[GIVEN RECORDS]:
+ + + + +

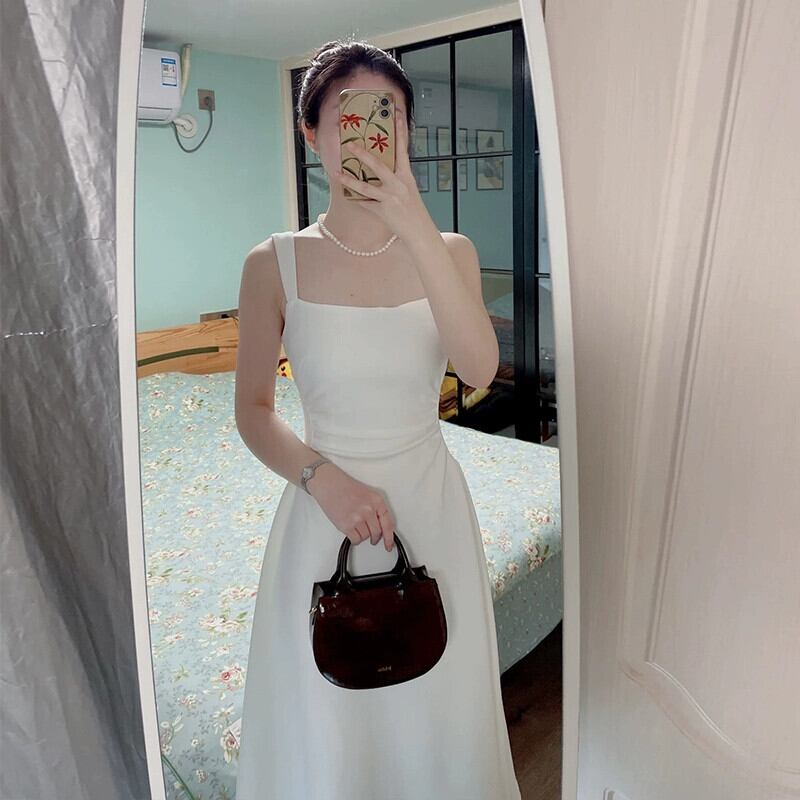 フレンチスタイルの逃亡王女の白いサスペンダードレスは、細くて高品質に見える女性のハイエンドウエストAラインドレスです ホワイト yingd91690820077
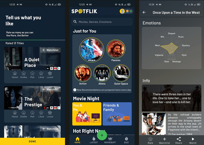 Sırada, yalnızca Android telefon uygulaması Spotflik var. Her şeyden önce yeni filmleri bulmayı basitleştirmeye odaklanan, kullanımı kolay bir ücretsiz film izleme uygulaması arıyorsanız, Spotflik sizin için en iyi seçim olabilir.
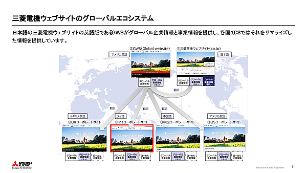 では、実際にどんなCSができあがったのか。いわゆる“三菱電機のWebサイト”はco.jpドメイン、かつ日本語表記で運用されている。事業情報など膨大な量のコンテンツが内包されており、これらを一部要約・英語翻訳するかたちでグローバルWebサイト(GWS)が構築された。
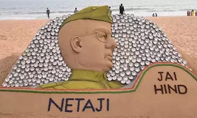இந்நிலையில், ஒடிசா மாநிலத்தின் புரி கடற்கரையில் மணல் சிற்பக் கலைஞரான சுதர்சன் பட்நாயக் நேதாஜியின் மணல் சிற்பத்தை உருவாக்கியுள்ளார்.
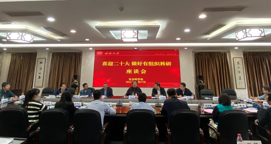 9月27日上午,“喜迎二十大 做好有组织科研”工作研讨会在行署楼A栋第五会议室召开。副校长崔延强出席会议,社会科学处及文学院、外国语学院、汉语言文献研究所、中国新诗研究所等单位的领导和专家参加会议,会议由社会科学处处长王牧华主持。
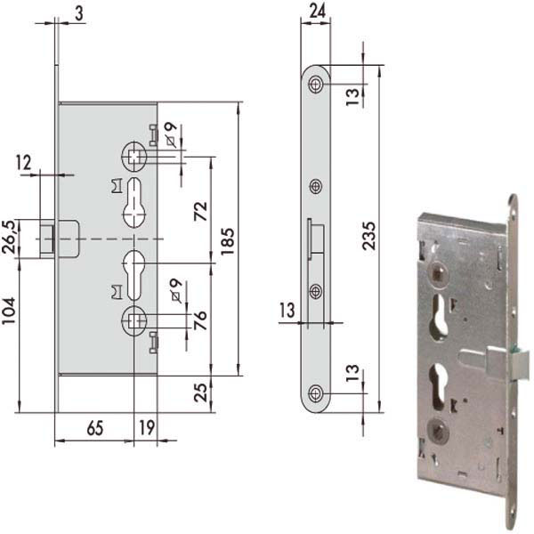 Serratura porte tagliafuoco infilare Zincata – Scrocco Q9 Scatola 84×185 Frontale mm 24×235 – Entrata mm 65 Cilindro non incluso
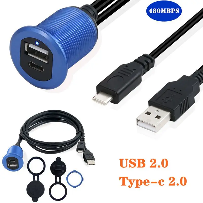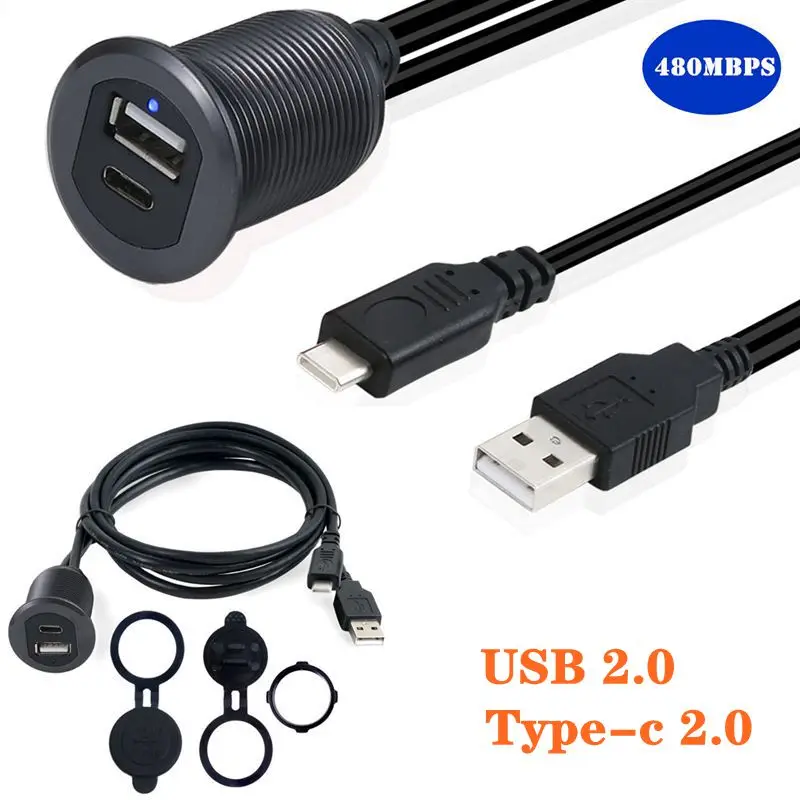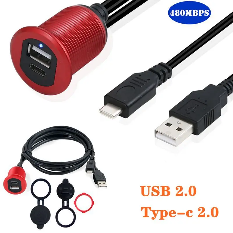R: Tablero de coche, yate, motocicleta con luz LED USB2.0/3,0 macho a hembra + cable de conexión versión tipo c 2.0 1M;
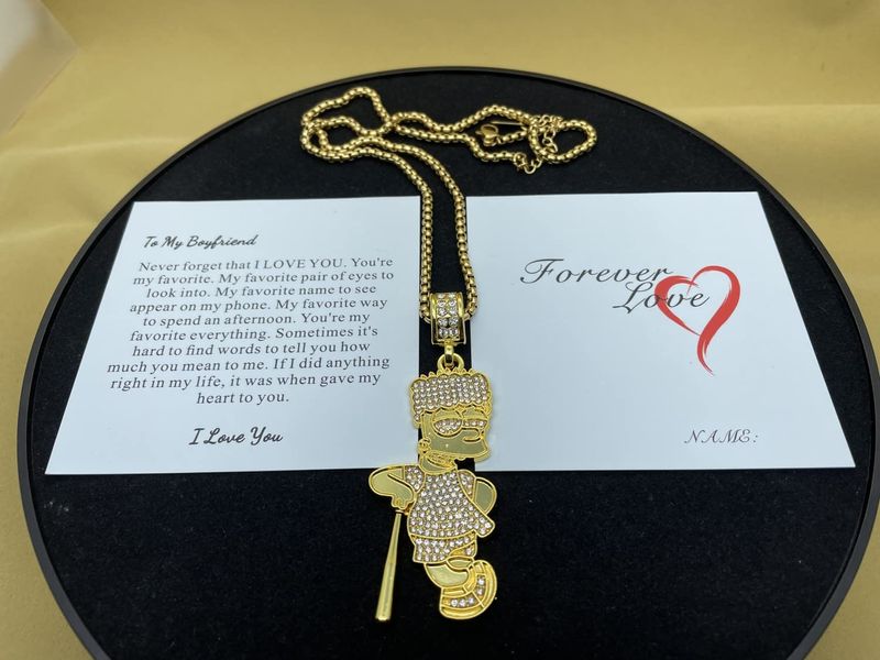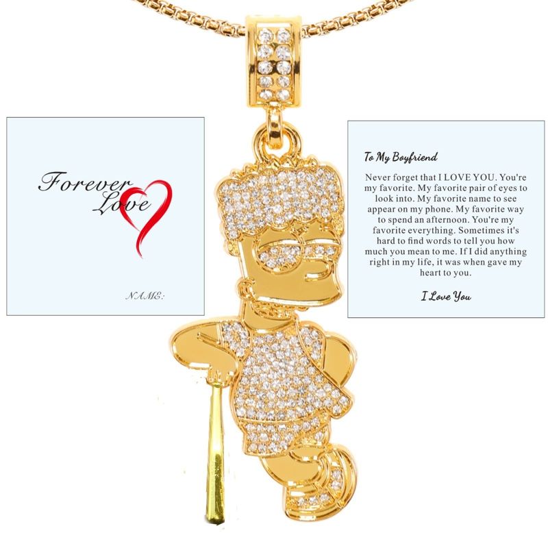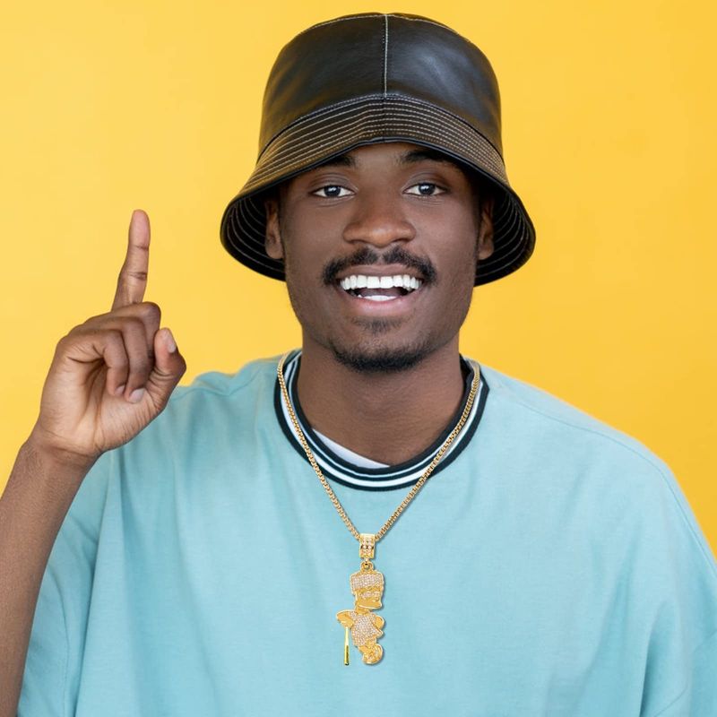 putouzip Bart Chain Necklace 18K Gold Plated Fully Iced Out Stainless Steel Pendant For Men Boys
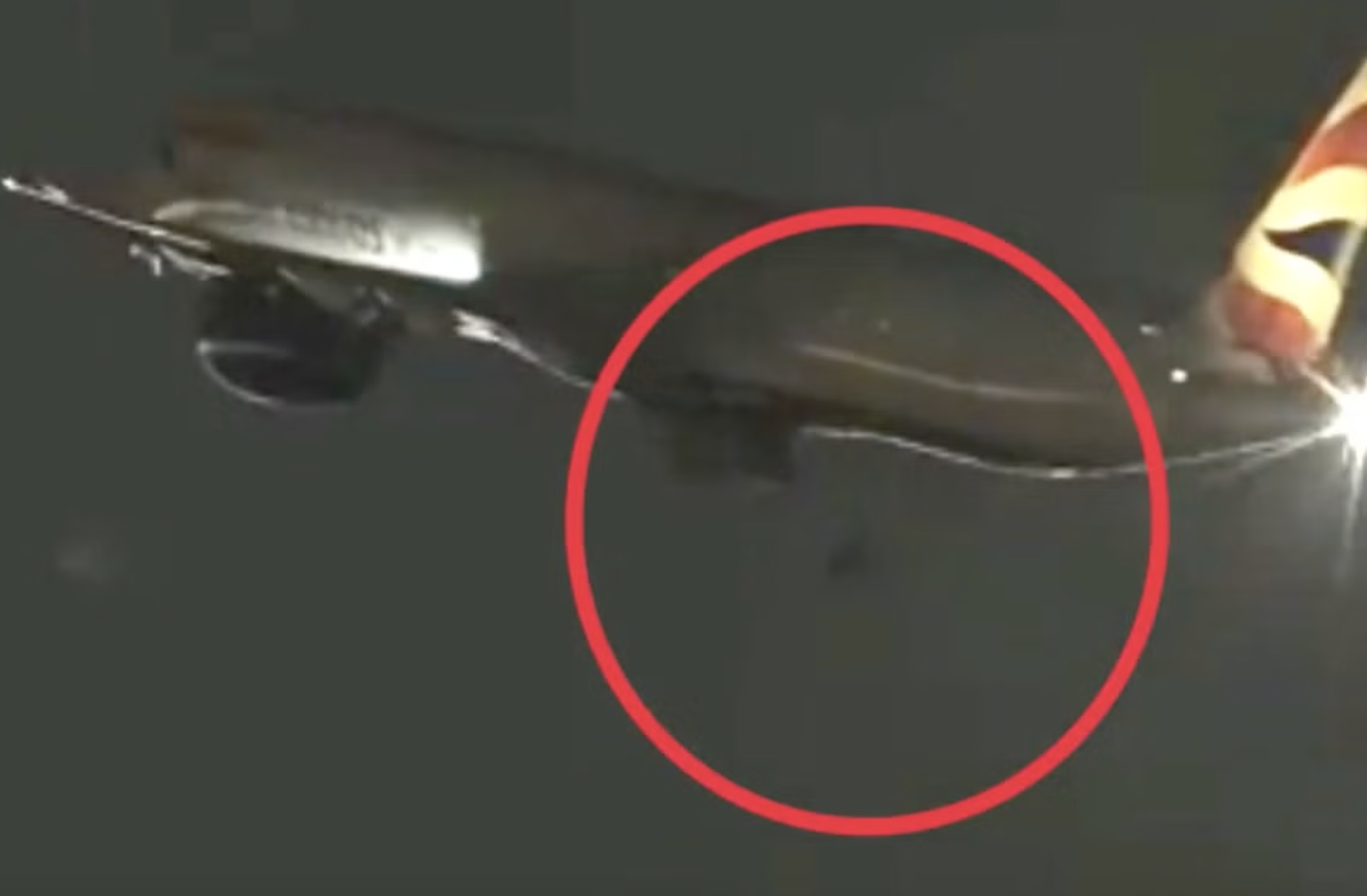 وأظهرت اللقطات انبعاث شرارات من الترس الخلفي الأيمن للطائرة خلال الإقلاع من المدرج 26R نحو الساعة التاسعة مساءً بالتوقيت المحلي (5:05 صباحًا بتوقيت UTC)، قبل أن تنفصل العجلة وتسقط داخل نطاق المطار.
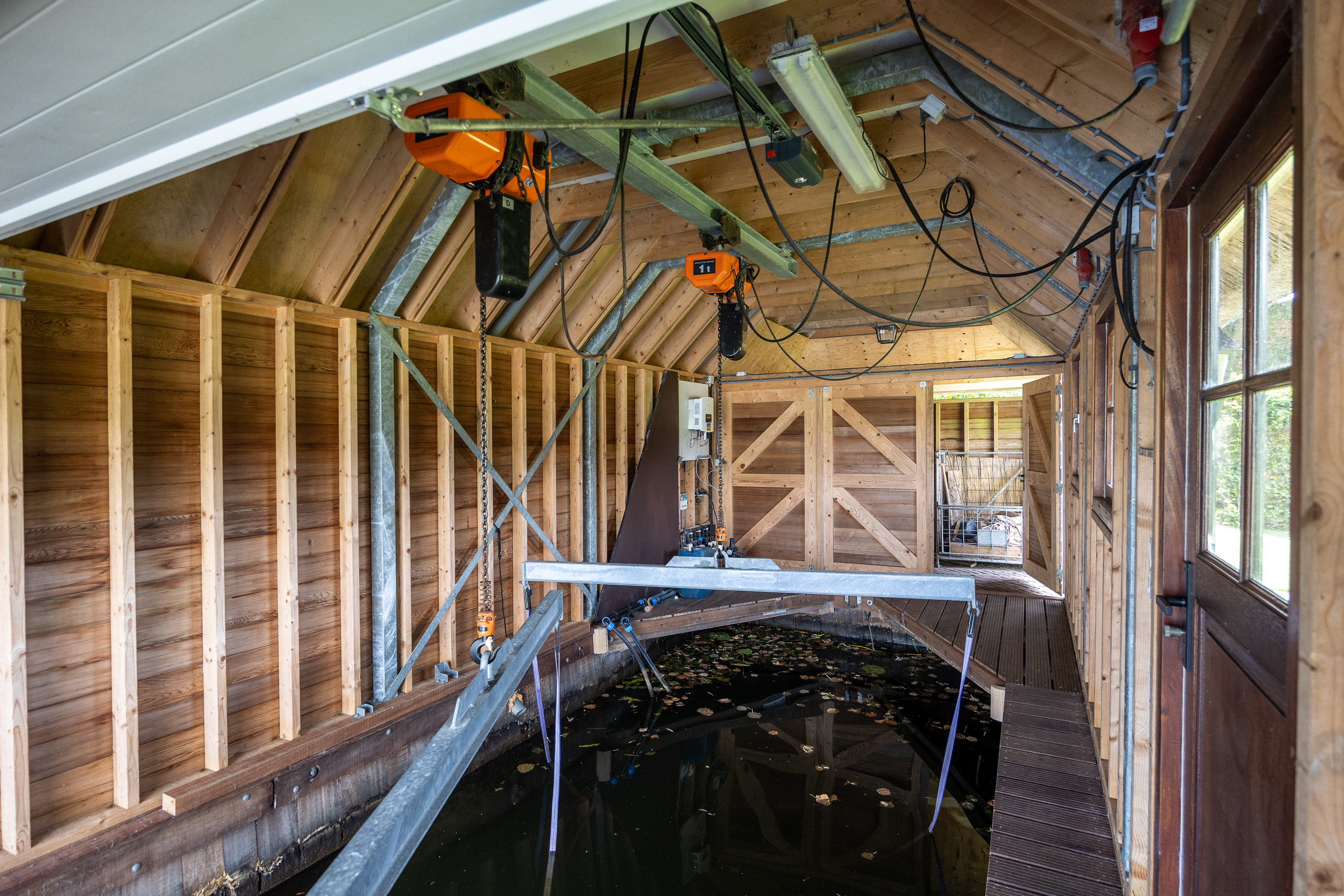 Hier kunt u de boot s’winters uit het water hijsen en laten overwinteren. Ook zomers ideaal om de boot te liften daar het onderwaterschip brandschoon blijft. Tevens is hier ook de gehele geautomatiseerde tuinirrigatie aanwezig, volledig geautomatiseerd en bedienbaar via de app!

+ + + + +

[TASK DESCRIPTION]: Range to copy from the listing above: the line with "では、実際にどんなCSができ" through the line with "putouzip Bart Chain". Transcribe it exactly and skip the pictures.

[RESULT OF THIS EXERCISE]:
 では、実際にどんなCSができあがったのか。いわゆる“三菱電機のWebサイト”はco.jpドメイン、かつ日本語表記で運用されている。事業情報など膨大な量のコンテンツが内包されており、これらを一部要約・英語翻訳するかたちでグローバルWebサイト(GWS)が構築された。
இந்நிலையில், ஒடிசா மாநிலத்தின் புரி கடற்கரையில் மணல் சிற்பக் கலைஞரான சுதர்சன் பட்நாயக் நேதாஜியின் மணல் சிற்பத்தை உருவாக்கியுள்ளார்.
 9月27日上午,“喜迎二十大 做好有组织科研”工作研讨会在行署楼A栋第五会议室召开。副校长崔延强出席会议,社会科学处及文学院、外国语学院、汉语言文献研究所、中国新诗研究所等单位的领导和专家参加会议,会议由社会科学处处长王牧华主持。
 Serratura porte tagliafuoco infilare Zincata – Scrocco Q9 Scatola 84×185 Frontale mm 24×235 – Entrata mm 65 Cilindro non incluso
R: Tablero de coche, yate, motocicleta con luz LED USB2.0/3,0 macho a hembra + cable de conexión versión tipo c 2.0 1M;
 putouzip Bart Chain Necklace 18K Gold Plated Fully Iced Out Stainless Steel Pendant For Men Boys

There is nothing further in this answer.